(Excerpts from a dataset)
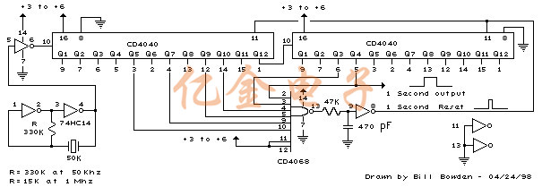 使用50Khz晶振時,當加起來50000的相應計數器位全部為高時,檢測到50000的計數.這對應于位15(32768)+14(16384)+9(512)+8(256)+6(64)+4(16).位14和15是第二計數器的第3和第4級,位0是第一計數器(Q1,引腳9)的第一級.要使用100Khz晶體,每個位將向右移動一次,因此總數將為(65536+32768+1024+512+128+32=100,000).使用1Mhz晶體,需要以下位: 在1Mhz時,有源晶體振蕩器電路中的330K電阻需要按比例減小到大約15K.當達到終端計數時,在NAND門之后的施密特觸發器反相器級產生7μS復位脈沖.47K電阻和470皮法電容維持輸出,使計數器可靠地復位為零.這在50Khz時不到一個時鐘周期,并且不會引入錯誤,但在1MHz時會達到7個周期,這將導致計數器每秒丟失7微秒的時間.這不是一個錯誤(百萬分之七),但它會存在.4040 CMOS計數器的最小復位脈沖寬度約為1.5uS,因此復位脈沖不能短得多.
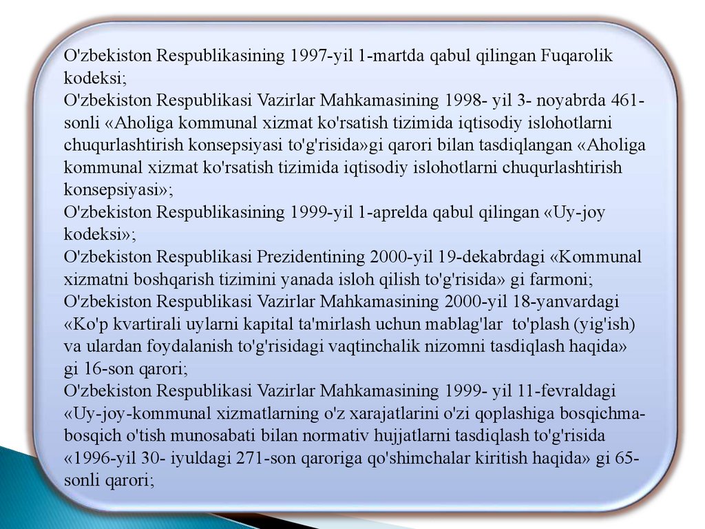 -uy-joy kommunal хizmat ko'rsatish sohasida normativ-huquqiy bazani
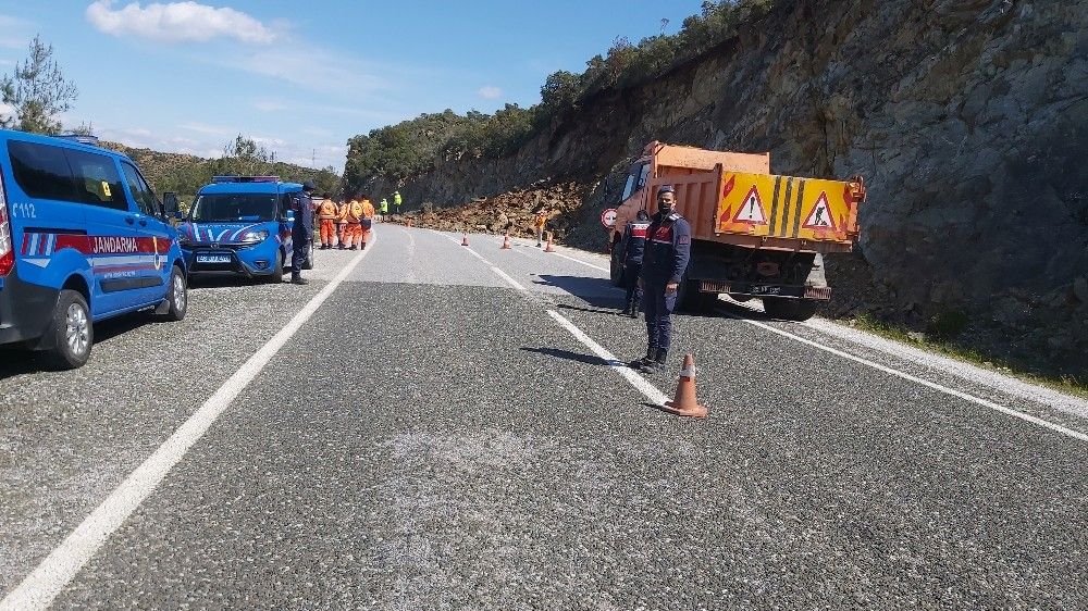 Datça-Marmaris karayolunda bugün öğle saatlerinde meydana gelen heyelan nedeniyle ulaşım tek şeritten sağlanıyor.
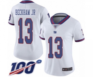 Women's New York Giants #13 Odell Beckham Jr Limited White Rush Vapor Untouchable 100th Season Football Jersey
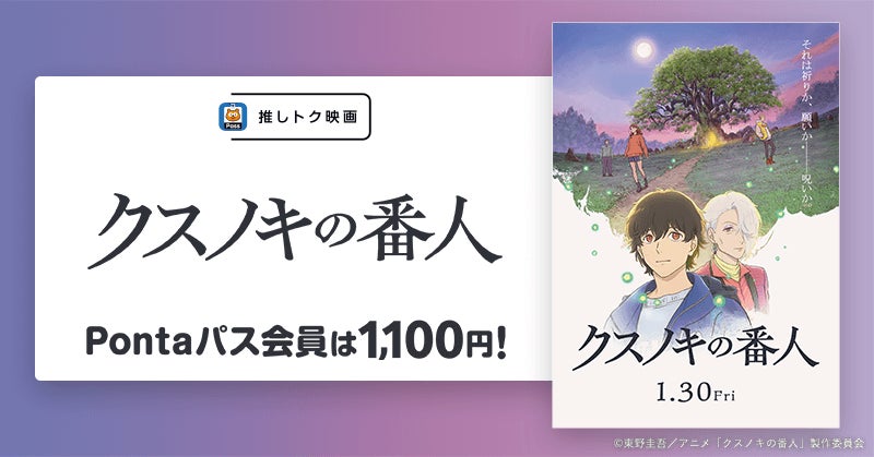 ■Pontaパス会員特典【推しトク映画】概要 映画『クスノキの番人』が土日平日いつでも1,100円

» **WHAT THE TASK ASKS**:
Output each line above exactly as it stands, omitting the pictures.

» **OUTPUT FOR THIS TASK**:
 使用50Khz晶振時,當加起來50000的相應計數器位全部為高時,檢測到50000的計數.這對應于位15(32768)+14(16384)+9(512)+8(256)+6(64)+4(16).位14和15是第二計數器的第3和第4級,位0是第一計數器(Q1,引腳9)的第一級.要使用100Khz晶體,每個位將向右移動一次,因此總數將為(65536+32768+1024+512+128+32=100,000).使用1Mhz晶體,需要以下位: 在1Mhz時,有源晶體振蕩器電路中的330K電阻需要按比例減小到大約15K.當達到終端計數時,在NAND門之后的施密特觸發器反相器級產生7μS復位脈沖.47K電阻和470皮法電容維持輸出,使計數器可靠地復位為零.這在50Khz時不到一個時鐘周期,并且不會引入錯誤,但在1MHz時會達到7個周期,這將導致計數器每秒丟失7微秒的時間.這不是一個錯誤(百萬分之七),但它會存在.4040 CMOS計數器的最小復位脈沖寬度約為1.5uS,因此復位脈沖不能短得多.
 -uy-joy kommunal хizmat ko'rsatish sohasida normativ-huquqiy bazani
 Datça-Marmaris karayolunda bugün öğle saatlerinde meydana gelen heyelan nedeniyle ulaşım tek şeritten sağlanıyor.
 Women's New York Giants #13 Odell Beckham Jr Limited White Rush Vapor Untouchable 100th Season Football Jersey
 ■Pontaパス会員特典【推しトク映画】概要 映画『クスノキの番人』が土日平日いつでも1,100円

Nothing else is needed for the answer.